Chacun des épisodes des Vampires remportera un honorable succès, livrant bataille au cheval de Troie américain que sont Les Mystères de New York, et ce malgré une campagne défavorable de la part de la critique et des autorités. Les premiers, Louis Delluc en tête, considèrent Les Vampires comme un pur divertissement vil et vulgaire, mercantile, sans valeur artistique, ce qu'ils déplorent et condamnent ; les seconds, les autorités policières en particulier, toujours fort préoccupés de morale et de salubrité publique, dénoncent le caractère immoral de la série, dans laquelle ils perçoivent une éloge du crime organisé et une incitation au vol, en plus d'une valorisation des bandits et hors-la-loi. Tout ceci n'empêchera pas, bien sûr, le large public de se ruer pour voir chaque nouvel épisode.
Avec Les Vampires, Louis Feuillade se surpasse, et compose presque malgré lui et les contraintes qui pèsent sur la production de la série, une grande oeuvre d'art. Chaque nouvel épisode doit être écrit, tourné et diffusé à une vitesse foudroyante afin de concurrencer la sortie des Mystères de New York : étonnamment, le résultat semble s'être nourri de cette excitation et cette nervosité, et installe un climat des plus étranges, où l'improvisation et les tournages précipités installent une poésie brute et simple. Il serait bien sûr vain et inutile de décrire ou résumer les innombrables péripéties et sous-intrigues qui composent les multiples avenues qu'emprunte chaque épisode des Vampires. Retenons la trame de base, tout le reste n'est que variation feuilletonesque : la série de Feuillade raconte la lutte menée par le journaliste-enquêteur Philippe Guérande (Édouard Mathé) contre une association de puissants et ingénieux malfaiteurs qui commettent nombre de crimes restés impunis. Cette bande, qui s'est donnée le nom des "Vampires", est dirigée par deux redoutables et mystérieux individus, "Le Grand Vampire" (Jean Aymé), et "Irma Vep" (Musidora). Cette dernière, égérie du groupe, dont le nom constitue un anagramme de "vampire", se vêt d'une cagoule et de vêtements moulants noirs qui s'inscriront dans l'imaginaire des cinéphiles et qui s'imposera comme un motif culte de la série. Le personnage immortalisé par l'actrice fétiche Musidora deviendra du même coup la première vamp et femme fatale du cinéma, et installera la mythologie des Vampires aux lisières du fantastique. Car si, comme on l'a compris, Les Vampires dont il est question ici n'ont rien à voir avec les créatures surnaturelles que l'on connaît, et que le style des récits plein de péripéties composés par Feuillade ont plus à voir avec le genre policier que le fantastique, on se plaît à retrouver dans cet univers à l'imaginaire inventif et délirant une surprenante touche de bizarre et d'étrange qui en font tout le charme noir.

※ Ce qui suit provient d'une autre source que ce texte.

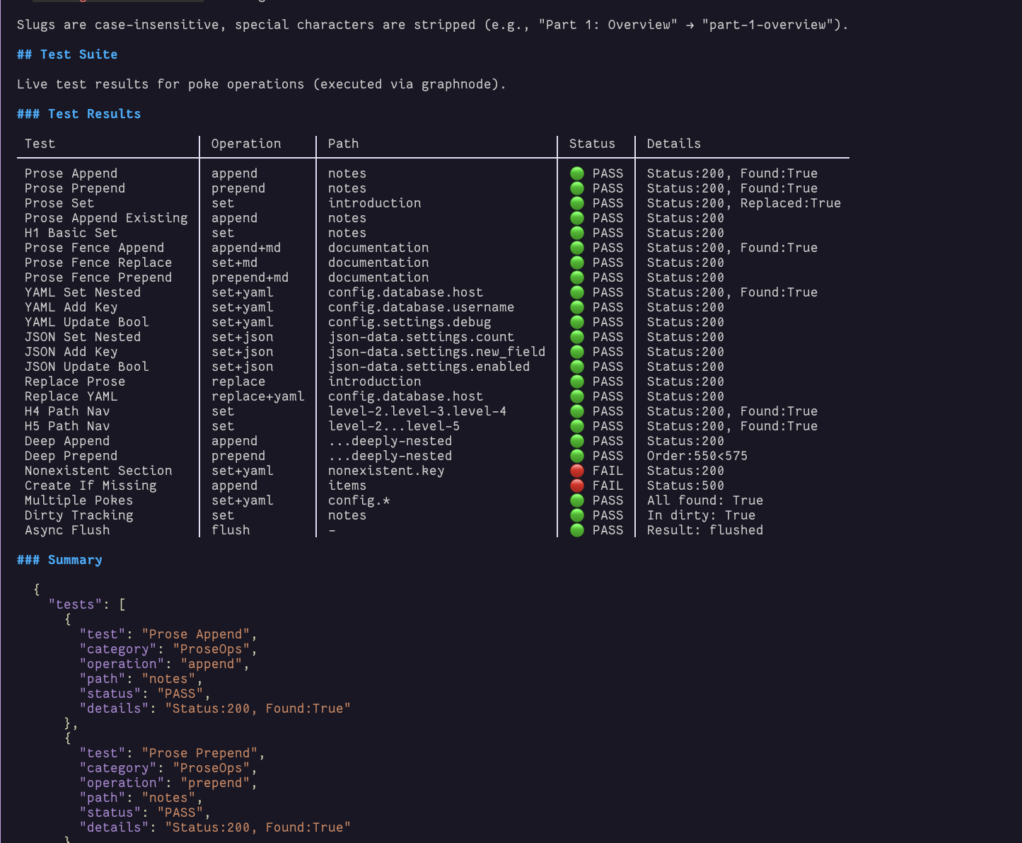 The GraphNode contract fulfilled by just wrapping what they were going to do anyways (Python test scripts) in what they love to do (write Markdown) and then we just capture it in our graph for eternity. The laziest way I could think of to verify correctness.

On ne sera guère surpris d'apprendre que ce sont les surréalistes, Aragon et Breton en tête, qui rétabliront les premiers la réputation de l'oeuvre de Feuillade auprès de l'intelligentsia culturelle. Depuis, le culte voué aux Vampires et à la muse Musidora ne s'est plus démenti, et les hommages fusent de toutes parts. Plusieurs auront remarqué l'influence de la série culte de Feuillade auprès du grand Fritz Lang et de son personnage machiavélique du Docteur Mabuse (voir notre dossier), sans parler de la série des James Bond au cinéma. Des cinéastes émérites comme Alain Resnais et Georges Franju témoigneront aussi de l'influence déterminante de ce cinéaste fondateur et de cette oeuvre inclassable. Plus récemment, Olivier Assayas a rendu un splendide et inspiré hommage aux Vampires dans le film Irma Vep (1996), où Jean-Pierre Léaud incarne un cinéaste obsédé à l'idée de tourner un remake de la série de Feuillade, et où Maggie Cheung incarne une nouvelle et étonnante Musidora aux collants noirs suggestifs.